=== Section Start ===

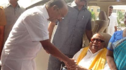 கருணாநிதியுடன் திமுக செயல் தலைவர் மு.க.ஸ்டாலினும் முரசொலி அலுவலகம் வந்தார். அவருடன் துரைமுருகன், எ.வ.வேலு, பொன்முடி உள்ளிட்டோரும் வந்தனர்.
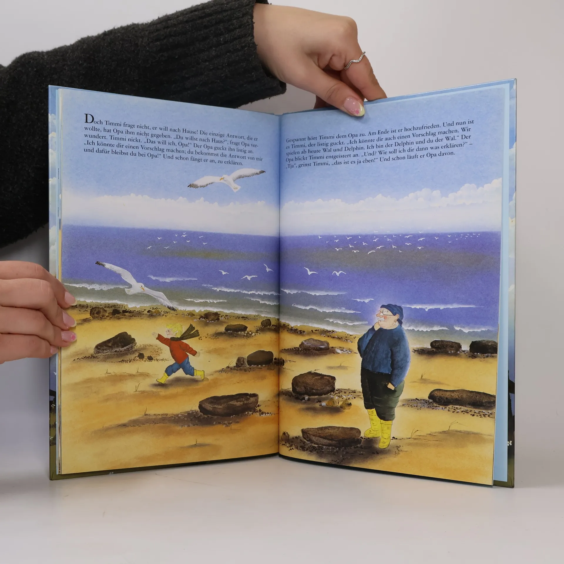 Timmie besucht zum ersten mal seinen Opa, der auf einer Nordseeinsel lebt. Opa erklärt ihm alles Neue: das Leben im Watt, Ebbe und Flut, die Dünen. Aber Timmies Frage, warum Delphine sprechen und Wale singen, kann er anfangs nicht beantworten.
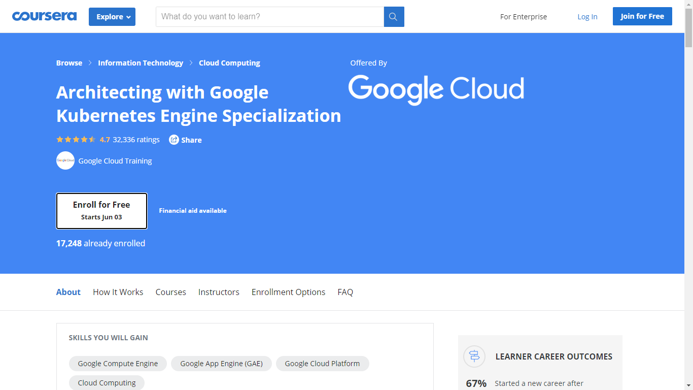 Merancang dengan Spesialisasi Google Kubernetes Engine adalah kursus dari Coursera yang ditawarkan oleh Google Cloud.

=== Section End ===

-- What is being asked --
Could you set down the material above word for word while dropping its pictures?

-- Task answer --
 கருணாநிதியுடன் திமுக செயல் தலைவர் மு.க.ஸ்டாலினும் முரசொலி அலுவலகம் வந்தார். அவருடன் துரைமுருகன், எ.வ.வேலு, பொன்முடி உள்ளிட்டோரும் வந்தனர்.
 Timmie besucht zum ersten mal seinen Opa, der auf einer Nordseeinsel lebt. Opa erklärt ihm alles Neue: das Leben im Watt, Ebbe und Flut, die Dünen. Aber Timmies Frage, warum Delphine sprechen und Wale singen, kann er anfangs nicht beantworten.
 Merancang dengan Spesialisasi Google Kubernetes Engine adalah kursus dari Coursera yang ditawarkan oleh Google Cloud.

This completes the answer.